Her team plans to dig into the genetic architecture of sleep-wake cycles, which are characteristically disrupted in bipolar disorder. Traveling to a different time zone or simply missing some sleep, she explained, can shift a bipolar person from a normal state into a disordered one.

"That's terrible and fascinating because it suggests that there's something critical going on there that provides stability and that can be pushed out of balance relatively easily," she said.

To investigate this, Kauer and her team will use CRISPR to engineer mice with mutations in sleep cycle-related genes.

"Sleep has been really well studied in rodents," she said, "so we have a lot of understanding of the circuitry underlying sleep, and it seems to translate really well into people."

Although Kauer is beginning with three genes — CLOCK, SHANK, and NCAN — known to affect sleep cycles, she anticipates adding other genes of interest identified by the teams working to diversify and expand bipolar-related genomic databases.

BD² has made the sequencing of people of non-European genetic ancestries a key point of focus in the projects it funds.

"We've completely missed the boat on diversity as a field," Altimus said.

Within the US, people of African descent are less likely to receive a diagnosis or treatment for bipolar disorder, despite an approximately equivalent occurrence of the disorder, compared to other populations. Those who do receive treatment are more frequently given antipsychotic medication, which, while often effective in treating acute mania, carry greater risk of side effects such as depression and involuntary facial tics.

Two teams are addressing the lack of diversity directly. The Broad Institute, UCLA, and NYGC team will sequence over 30,000 samples from people with bipolar disorder from Africa, Central America, South America, and Asia, including from individuals enrolled in the Integrated Network.

Another, led by Thomas Lehner, scientific director of neuropsychiatric disease genomics at the NYGC, plans to evaluate the biological effects of bipolar-related genetic risk variants using stem cells derived from donors of African ancestry in the Genomic Psychiatry Cohort (GPC). Lehner's team will take stem cells from 70 people with the highest calculated risk for bipolar disorder and 70 with the lowest estimated risk and turn these into excitatory and inhibitory neurons, which have been shown to play roles in most psychiatric diseases.

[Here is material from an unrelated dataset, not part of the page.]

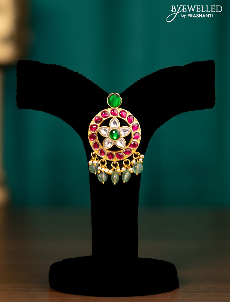 Antique pendant floral design with jadau kundan stones and natural beads & pearl hangings without earrings

"It doesn't sound like a lot," Lehner said, "but this is the largest of [this kind of] study I believe has ever been done."

Lehner hopes that the genetic differences between the high- and low-risk populations will reveal biological pathways relevant to bipolar disorder.

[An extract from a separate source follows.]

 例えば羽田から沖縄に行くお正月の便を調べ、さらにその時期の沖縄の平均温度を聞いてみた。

"While this is not a translational study per se," he said, "the findings potentially could be used in a translational study to help identify clinically relevant polygenic risk scores."

BD² recently opened a second grant cycle, whose awardees will be announced next summer, and plans to open a third cycle at a later date.

"We are building a network of teams to really share with each other," Pham said, "and we are implementing what's called a collaboration grant, [which provides] additional funding for people within the network to form new collaborations with each other as their research matures."